To be more specific my argument is that it is quite often enough to break our data model into partitions (a.k.a shards) and break out from the centralized disk model to achieve write scalability. In many cases we may find that we can achieve sufficient throughput and latency just by doing that.
We should consider the use of asynchronous write algorithms to optimize the write performance and latency but due to the inherited complexity that comes with it we should consider that only after we tried simpler alternative such as using db-shards, FLASH disk or memory based devices.
Achieving write throughput without compromising consistency or scalability
The diagram below illustrates one of the examples by which we could achieve write scalability and throughput without compromising on consistency.

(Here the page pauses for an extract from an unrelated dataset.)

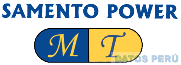 El logotipo conformado por la denominación SAMENTO POWER escrita en letras características, y la representación estilizada de una cápsula con las letras M T, en los colores azul, amarillo y negro; conforme al modelo adjunto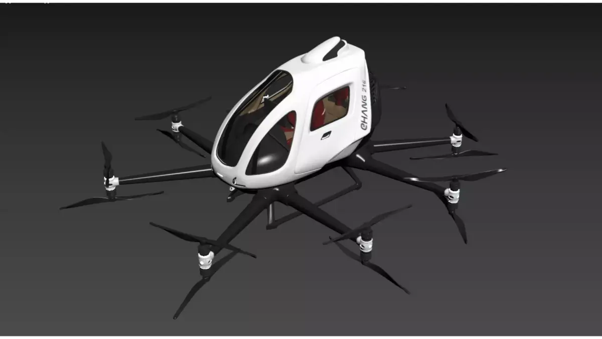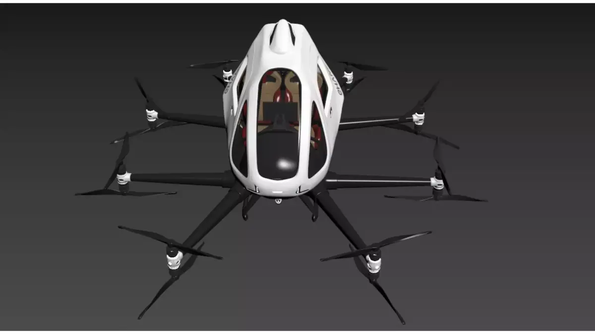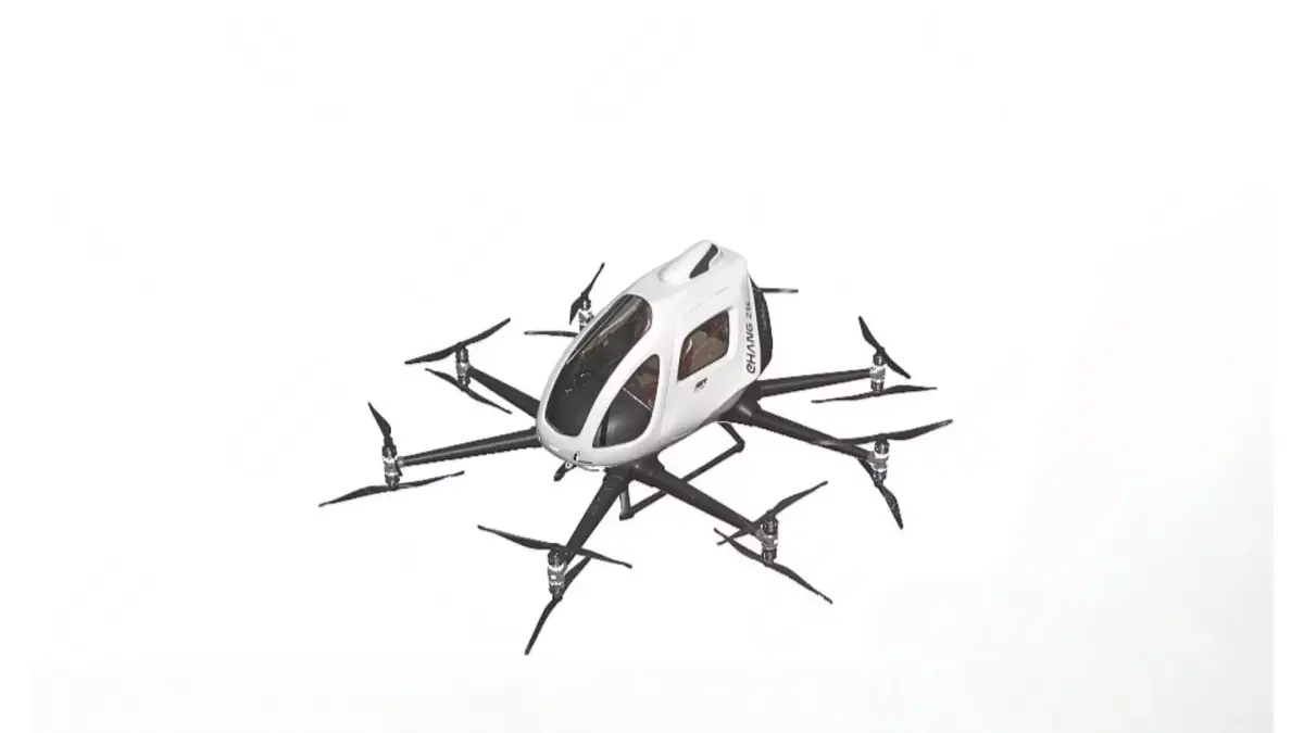 This is the EHang EH216-S autonomous passenger-carrying eVTOL aircraft, the world's first pure electric vertical take-off and landing (eVTOL) aircraft to obtain airworthiness certification. It adopts an 8-rotor-arm and 16-rotor design, supports 2 passengers, and is equipped with core technologies such as a full-redundancy safety system, preset-route autonomous flight, and cluster management and scheduling. Focusing on scenarios like urban air commuting, low-altitude sightseeing, and emergency transportation, it is one of the iconic products in the low-altitude economy sector.

As with the previous examples we break our data into partitions to handle our write scaling between nodes. To achieve high throughput we use in-memory storage instead of disk. As in-memory device tend to be significantly faster and concurrent then disk and since network speed is no longer a bottleneck we can achieve high throughput and low latency even when we use synchronous write to the replica.
The only place in which we’ll use asynchronous write is the write to the long-term-storage (disk). As the user transaction doesn’t access the long-term storage directly through the read or write path, they are not exposed to the potential inconsistency between the memory storage and the long-term storage. The long-term storage can be any of the disk based alternatives starting from a standard SQL databases ending with any of the existing disk based NoSQL engines.
The other benefit behind this approach is that it is significantly simpler. Simpler not just in terms of development but simpler to maintain compared with the Eventual Consistency alternatives. In case of distributed system simplicity often correlate with reliability and deterministic behavior.
It is important to note that in this post i was referring mostly to the C in CAP and not CAP in its broad definition. My points was not to say don’t use solution that are based on CAP/EventualConsistency model but rather to say don’t jump on Eventual Consistency based solutions before you considered the implications and alternative approaches. There are potentially simpler approaches to deal with write scalability such as using database shards, or In-memory-data-grids.
As were reaching the age of Terra-Scale devices such as Cisco UCS where we can achieve huge capacity of memory, network and compute power in a single box the area’s in which we can consider to put our entire data in-memory get significantly broader as we can easily store Terra bytes of data in just few boxes. The case of Foursquare’s MongoDB Outage is interesting on that regard. 10gen’s CEO Dwight Merrimanargued that the entire set of data actually needs to be served completely in-memory:
For various reasons the entire DB is accessed frequently so the working set is basically its entire size Because of this, the memory requirements for this database were the total size of data in the database. If the database size exceeded the RAM on the machine, the machine would thrash, generating more I/O requests than the four disks could service.
It is a common misconception to think that putting part of the data in LRU based cache ontop of a disk based storage could yeild better performance as noted in the sanford research The Case for RAM Cloud
..even a 1% miss ratio for a DRAM cache costs a factor of 10x in performance. A caching approach makes the deceptive suggestion that “a few cache misses are OK” and lures programmers into con-figurations where system performance is poor..
In that case using pure In-Memory-Data-Grid as a front end and disk based storage as long term storage could potentially work better and with significantly lower maintenance overhead and higher determinism. The capacity of data in this specific case ( <100GB) shouldn’t be hard to fit into single UCS box or few of the EC2 boxes.